● What needs to be done
The lines to transcribe run from the top of the material below to the line with "A Savona nella", inclusive. Leave the pictures behind.

● Source material

####################

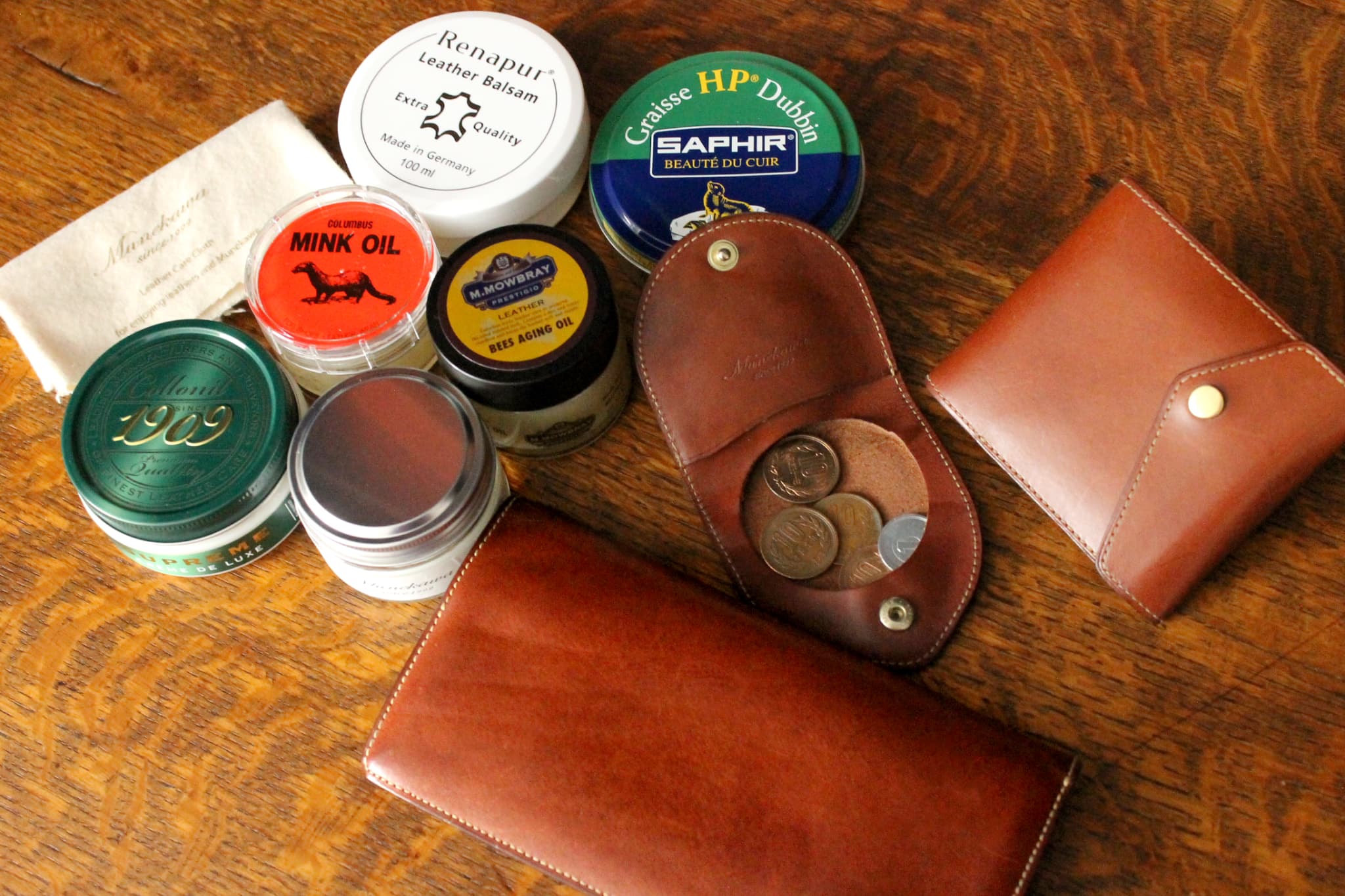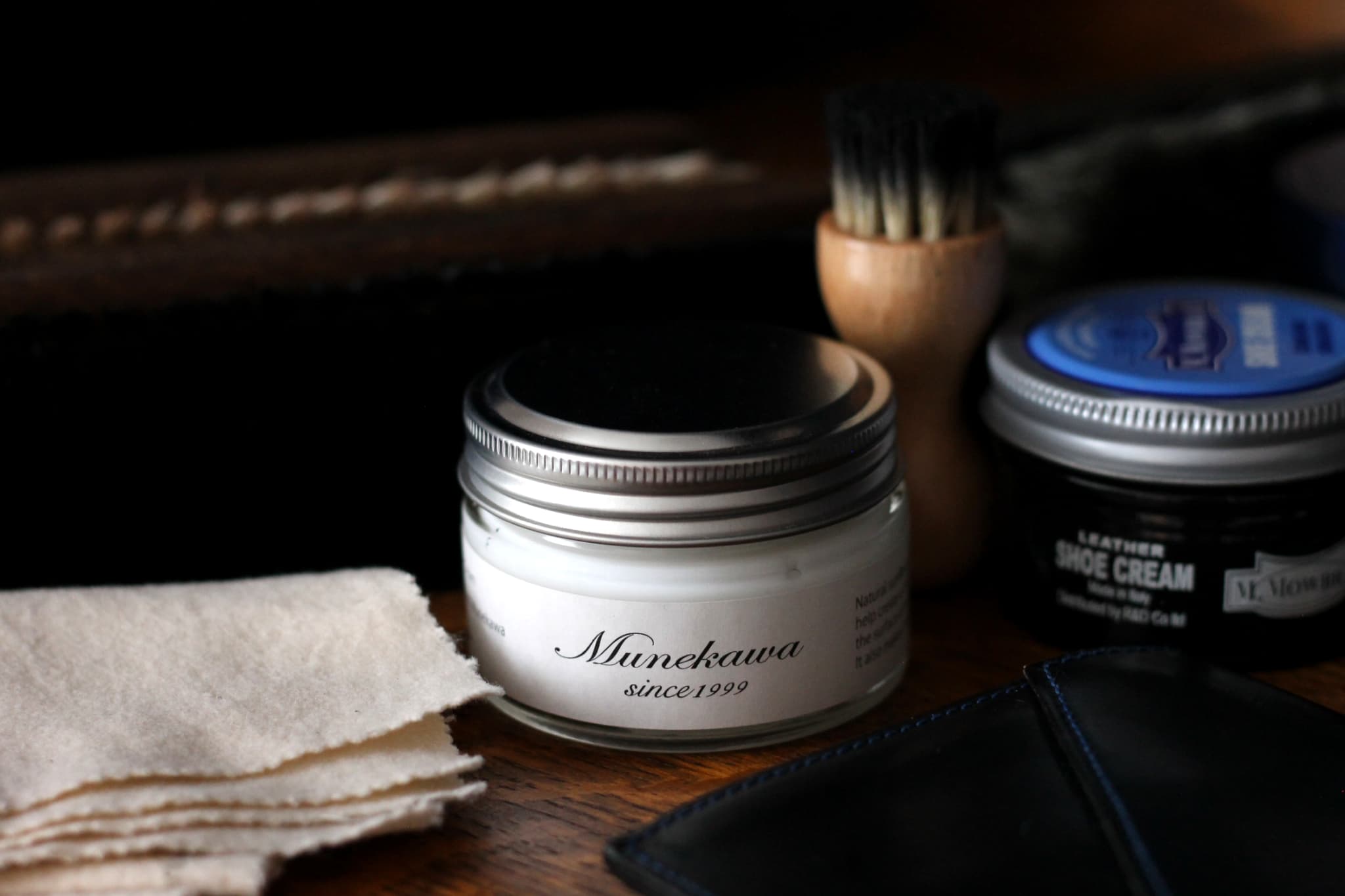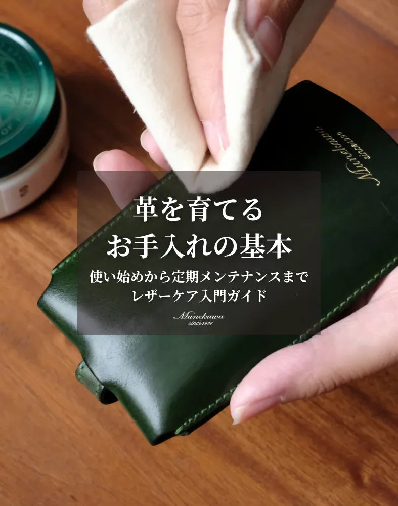 Munekawaでは、革にやさしく幅広く使えるオリジナルのケアクリームをご用意しています。扱いやすく、初めての方にも安心してお使いいただけます。
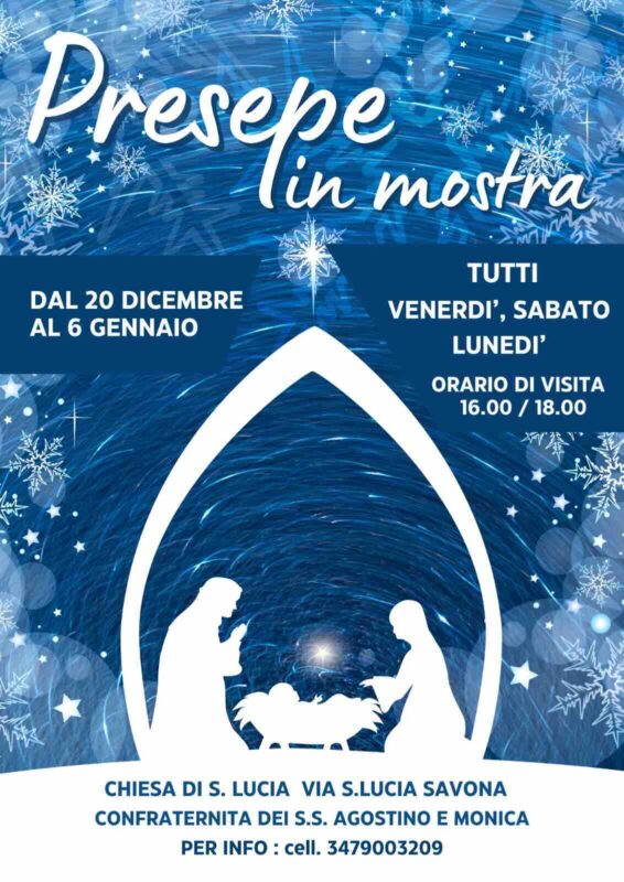 A Savona nella Chiesa Santa Lucia dal 20 dicembre al 6 gennaio ogni venerdì, sabato e lunedì dalle ore 16 alle 18 sarà possibile visitare il “Presepe in mostra”, promosso dalla Confraternita Santi Agostino e Monica. Per ulteriori informazioni si può chiamare il numero di telefono 3479003209.
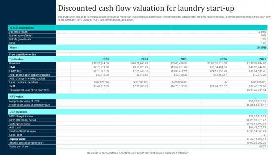 Present like a pro with Discounted Cash Flow Valuation For On Demand Laundry Business Plan Background Pdf Create beautiful presentations together with your team, using our easy to use presentation slides. Share your ideas in real time and make changes on the fly by downloading our templates. So whether you are in the office, on the go, or in a remote location, you can stay in sync with your team and present your ideas with confidence. With Slidegeeks presentation got a whole lot easier. Grab these presentations today. The purpose of this slide is to calculate the amount of money an investor would get from an investment after adjusting for the time value of money. It covers risk free return, free cash flow to the company, NPV value of FCFF and terminal year, and so on.

####################

● Reply
 Munekawaでは、革にやさしく幅広く使えるオリジナルのケアクリームをご用意しています。扱いやすく、初めての方にも安心してお使いいただけます。
 A Savona nella Chiesa Santa Lucia dal 20 dicembre al 6 gennaio ogni venerdì, sabato e lunedì dalle ore 16 alle 18 sarà possibile visitare il “Presepe in mostra”, promosso dalla Confraternita Santi Agostino e Monica. Per ulteriori informazioni si può chiamare il numero di telefono 3479003209.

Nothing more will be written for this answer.